Com o passar dos anos a vaidade diminuiu. Não gosto de dizer aos outros que é meu aniversário. Passo todos os dias que antecedem a data lembrando os outros com diretas e indiretas sobre presentes e comemorações e chega no dia, morro de vergonha de receber o simples “parabéns”.

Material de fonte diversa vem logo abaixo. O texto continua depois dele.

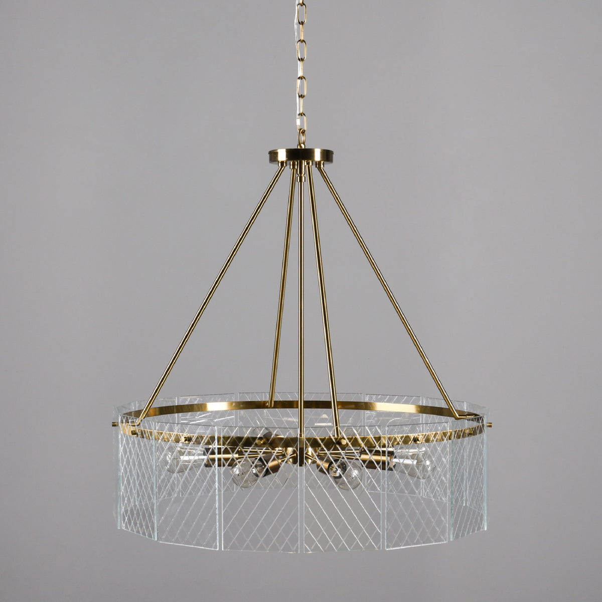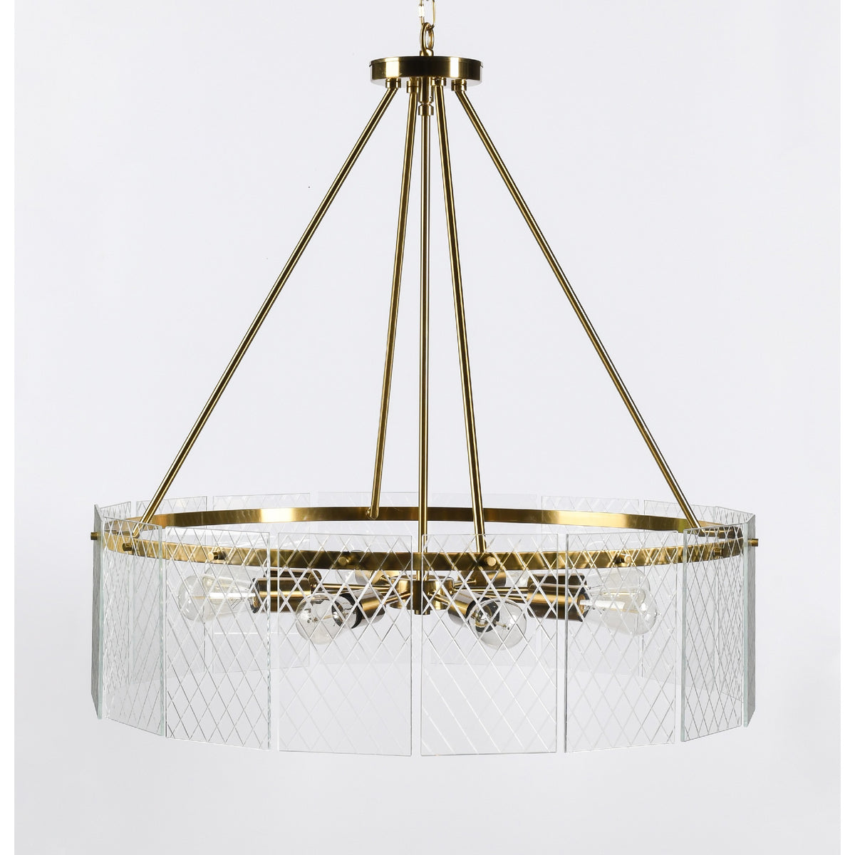 Warm and inviting, this contemporary style chandelier complements a wide variety of decor styles. With a classical round silhouette, this eight light chandelier is crafted from an iron frame in gold finish, not to mention the clear glass panel encasing with a gorgeous diamond lattice design. A perfect addition to your living room, foyer, bedroom, this chandelier is sure to be an icebreaker at your next party.

Passei a afirmar o mito do inferno astral que antecede a data do meu nascimento e esse ano, parece que o próprio Lúcifer se planejou para executá-lo com maestria em todos os departamentos da minha vidinha, indo desde o “setor” profissional até o sentimental. Rebuliço cósmico planejado para anteceder 24 de setembro de 2008. Caprichado!

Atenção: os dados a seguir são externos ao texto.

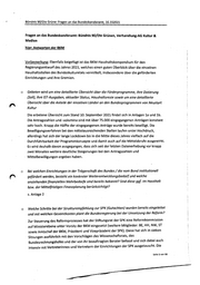 Bündnis 90/Die Grüne: Fragen an das Bundeskanzleramt, 16.102021 Fragen an das Bundeskanzleramt: Bündnis 90/Die Grünen, Verhandlung-AG Kultur & Medien hier: Antworten der BKM Vorbemerkung: Ebenfalls beigefügt ist das BKM-Haushaltskompendium für den Regierungsentwurf des Jahres 2021, welches einen guten Überblick über die einzelnen Haushaltsstellen des Bundeskulturetats vermittelt, insbesondere über die geförderten Einrichtungen und ihre Gremien. o Gebeten wird um eine detaillierte Übersicht über die Förderprogramme, ihre Dotierung (Soll), ihre /ST-Ausgaben, aktueller Status, Haushaltsreste sowie um eine detaillierte Übersicht über die Anteile der einzelnen Länder an den Bundesprogrammen von Neustart Kultur Die erbetene Übersicht zum Stand 10. September 2021 findet sich in Anlagen la und lb. Die Antragszahlen und -volumina sind mit über 75.000 eingegangenen Anträgen konstant sehr hoch. Knapp die Hälfte der eingegangenen Anträge wurde bereits bewilligt. Die Bewilligungsverfahren bei den mittelausreichenden Stellen laufen unter Hochdruck, allerdings hat sich der lange Lockdown bis in die Mitte dieses Jahres vielfach auf die Durchführbarkeit der Programmkonzepte und damit auch auf die Mittelabrufe ausgewirkt. Es wird deshalb davon ausgegangen, dass sich seit der letzten Datenerhebun!l vor knapp zwei Monaten weitere deutliche Steigerungen bei den Antragszahlen und Mittelbewilligungen ergeben haben. o Bei welchen Einrichtungen in der Trägerschaft des Bundes/ die vom Bund institutionell (', gefördert werden, besteht ein konkreter Weiterentwicklungsbeda,f und welche anstehenden finanziellen Mehrbedarfe sind bereits bekannt? Sind diese ggf im Haushalt bzw. der Mittelfristigen Finanzplanung berücksichtigt? s. Anlage 2 o Welche Schritte bei der Strukturempfehlung zur SPK {Gutachten) wurden bereits eingeleitet und mit welchen Gesamtkosten plant die Bundesregierung bei der Umsetzung der Reform? zur Steuerung des Reformprozesses hat der Stiftungsrat der SPK eine Reformkommission auf Ministerebene unter Vorsitz der BKM eingesetzt (weitere Mitglieder: BE, HH, NW, ST sowie Amtschef der BKM, Präsident und Vizepräsident der SPK). Diese hat sich in sieben Sitzungen ausführlich mit den Vorschlägen des Wissenschaftsrats, des Bundesrechnungshofes und der von ihr beauftragten Berater befasst und sich dabei auch intensiv mit Vertreterinnen und Vertretern der Einrichtungen der SPK ausgetauscht. Die Seite 1 von 10

Passado o inferno, ficou só o astral. Não esse de gente efusiva que alardeia seus pequenos feitos. Ficou o que fica depois da tempestade. Os destroços e algumas fagulhas de uma esperança que parece, nesse exato momento, ser a última. Mesmo que essa coisa completamente incompreensível chamada de existência já tenha me surpreendido várias vezes, o meu astral tá em cima do muro, tá no fio da navalha.

Não desanimo porque não posso. Fraquejo, sim. Muitas e muitas e muitas vezes. Cometo erros, dou mancadas com as pessoas que mais amo, não termino o que inicio e tenho o péssimo hábito de afastar as pessoas de perto de mim. Receio por fazer o processo inverso: ao invés de tornar-me borboleta, virar casulo de vez.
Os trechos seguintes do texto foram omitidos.